Similarly, the realm of public relations — once governed by the likes of wordsmiths, hard data, and those in favour of the written word — is starting to see a change. While traditional PR materials such as press releases, briefing books, and the occasional byline remain solid tools of the trade, recognising our audience’s thirst for visual content is more than ever imperative to cut through the clutter.
We are, at the very essence, visual creatures. As children, we learn to identify animals, colours and the faces of those who shower us with love well before learning to pronounce and spell the names of these people and things. Allow me to illustrate:
From the visual, we can instantly grasp that this is a circle much faster than relying on the text to inform us on what’s being described. While text is ultimately useful in conveying the theoretical form of any given idea, nothing drives the point in quite as simply and as powerfully as an image. Pinterest recognised this, and today, the visually orientated nature of this virtual discovery tool remains one of the keys to their success. It banked on the simple idea of giving people – trained to design or otherwise – a visually appealing whilst easy to use platform to discover, post, and talk about ideas, encompassing the spirit of collaborative creativity in a very social and sharable way. You could even say that its heavy reliance on visual content has revolutionised the way we push out and consume information. To date, this idea is valued at USD 11 billion.
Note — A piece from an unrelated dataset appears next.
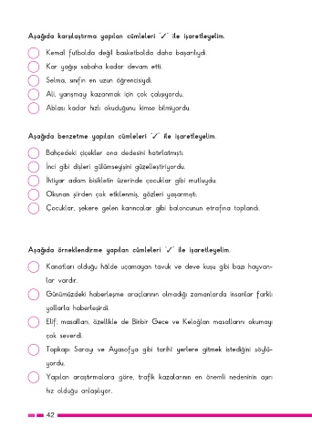 Aşağıda karşılaştırma yapılan cümleleri “✓” ile işaretleyelim.

Images do more than act as visual references to the stories we’d like to tell. If delivered effectively, it could evoke strong emotions, spark meaningful conversations, and, if the message is powerful enough, go on to inspire change. Working in public relations, we need to acknowledge this impact.Besides developing a deep understanding of the brands we work with, we play a bigger part in crafting their identity than we sometimes realize.Discerning the shift in the storytelling platform from the confines of pure text to the visual stage is pertinent to the way the masses perceive and understand the messages that we’re trying to put across. If we can do it with words, why not go a step further and capture our audience’s attention and imagination with images? And why stop there — what about throwing some videos into the mix?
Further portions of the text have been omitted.